If the title of this article got your attention, you have probably thought of bringing your child to a ballroom dance studio. But, if you feel that you're lacking information on the "effectiveness" of this sport/art, let me help make it easier for you to decide.

Here are a few "on point" statements on why your child should definitely get involved with ballroom dancing:

Music & Movement 

I'd like to start this off from the roots. Do you remember the first time you heard music? Of course you do! You have heard the beat, the melody, and a singing voice perhaps. It might have sounded strange at first, but it was so irresistible. And then, there was no explanation to your further actions – You started moving your body, wiggled your arms and legs, and I bet you were smiling too. The best part of this reaction – it was all natural.

From birth, every single person has the natural feel for music. We can dance to, pretty much, anything. However, an untrained dance is lacking structure. It looks repetitive, a bit primitive, and probably chaotic. So, the core of ballroom dancing is based entirely on structure, which almost instantly gets applied to music. With practice and some help from instructors, your child will not only develop a stronger inner feel for music, but will also be able to apply moves to it. Not to mention, it will all be done with a partner.

Body Development

You can spot a ballroom dancer from far. Good stance, flow of movement, and the most commonly noticeable factor – The Posture. "But, Ballet also has The Posture" – you might object. That is absolutely true! In fact, both Ballroom and Ballet have a lot of things in common. But it seems, that there is an obvious flow in directional movement in a ballroom dancer, which may not be noticed in a ballet dancer.

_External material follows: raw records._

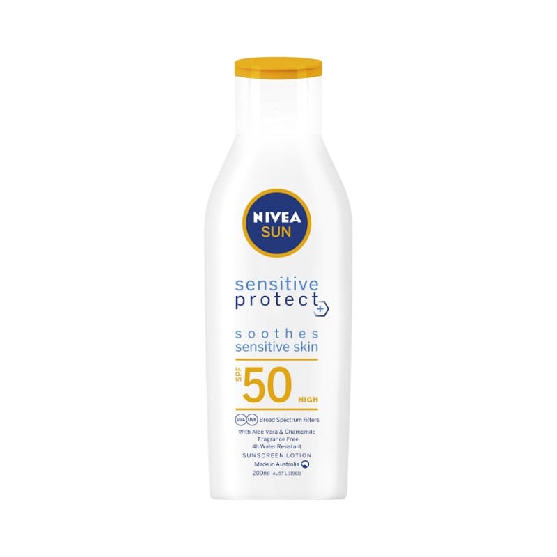 NIVEA SUN Sensitive Protect Sunscreen Lotion SPF50 cares for your skin in more ways than one, combining broad spectrum sun protection whilst being suitable for sensitive skin. Highly effective UVA and UVB filters shield skin from sun damage. The non-greasy formula helps to soothe and calm reactive skin, made with quality ingredients such as Aloe Vera and Chamomile. Plus, the fragrance free formula with moisturising Vitamin E helps protect and repair the skin by keeping it hydrated resulting in it being less vulnerable to sun damage. The skin compatibility of this sunscreen has been dermatologically tested and approved. Made in Australia.
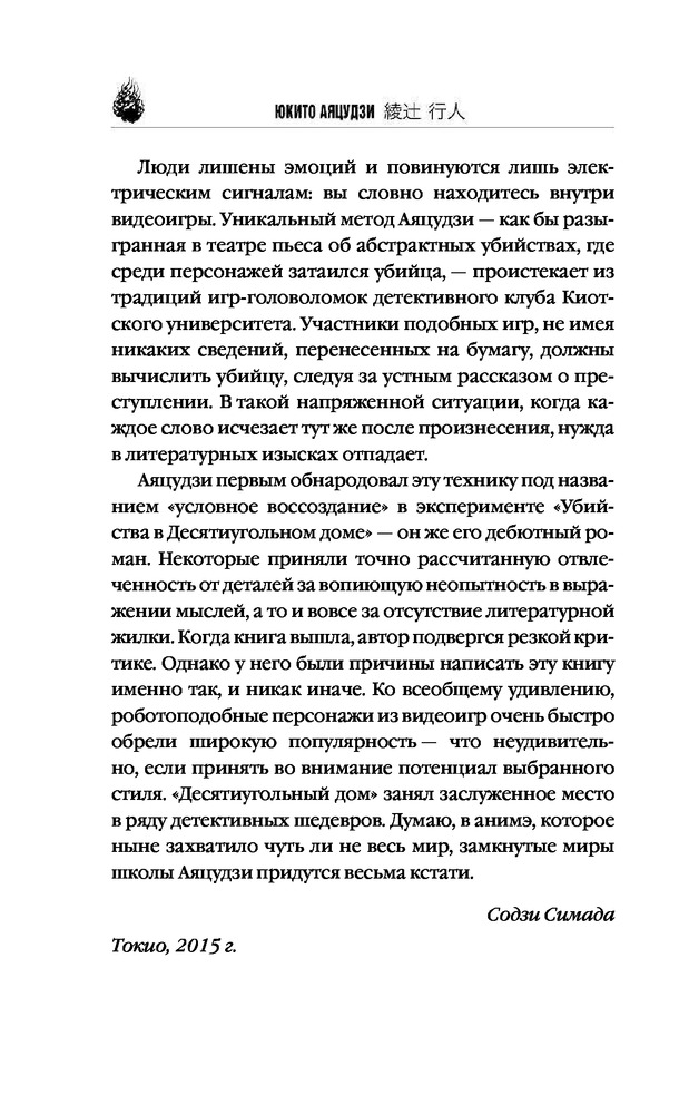 История та ещё приятная и интересная загадка. Давно знакома с хонкаку–детективами и эту читала с удовольствием. Приятно, что ученик Содзи Симады пишет так же интересно, как учитель.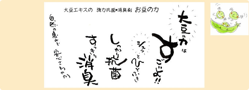 大地の恵みから生まれた強力抗菌・消臭剤強力抗菌・消臭剤 「お豆の力」大豆を中心として米・麦など穀物エキスを主成分とした安心な抗菌・消臭剤。無色・無臭なので、敏感な人も安心です。 お豆の力は・・・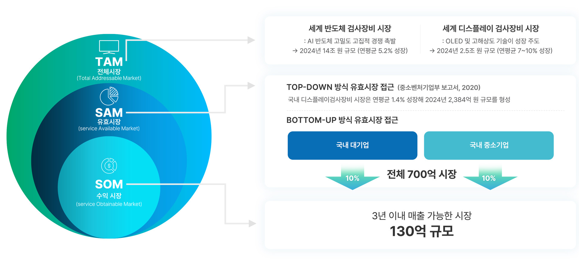 THz 기반 OLED 공정검사 시장은 이미 형성된 대형 수요(TAM)를 기반으로, 대기업·중소기업 모두 즉시 진입 가능한 실 매출 시장(SOM)까지 직결되는 구조입니다.

To give you an example: it is fascinating to watch a ballroom dancer go through a crowded place. Since floor craft is trained from an early age, you probably will not see them collide with anyone. Besides, ballroom dancing has a much higher contrast in movement. From slow and continuous to sharp and static. Try running for a minute and a half, make a sudden stop to catch a quick breath, then run faster for another minute and a half, and do that at least 3 more times. Oh, and while you're at it, keep your hands to your sides and don't drop them down. Oh, do it all to the music and with a partner. Got the picture?

Art & Culture

Dancing is bodily expression to music. Regardless, if a dancer does choreography or improvises (which, essentially, means the same thing, since improv is a choreography broken down into elements and danced in a chaotic pattern). In case of ballroom dancing, expression to music usually happens with a partner. The culture behind every ballroom dance has been developed over the years, which means, your child will be exposed to some history. Of course, the cultural and historical details for each dance will vary depending on the amount of knowledge the instructor has, but generally, the idea of each dance will be clear. The beginning of the learning process will be strict and bold ("This is Cha Cha, it's coming from Cuba, and this is how you do it…"), but further into the future, more emphasis will be put into the character of each dance, and the expression it could be danced with.

Mutual Love & Respect

We live in a society where violence is (mostly) not permissive. And, indeed, this is how it should be. But, unfortunately, it seems that mass media promotes more violence, while trying to prevent it. In the age of technology and easy-to-reach information, with the graphical content that accompanies it, we are aware of bad news much sooner. And our children are no exception. At a young age common sense and rationality are, very much, still developing, so everything your child sees is usually taken AS IS.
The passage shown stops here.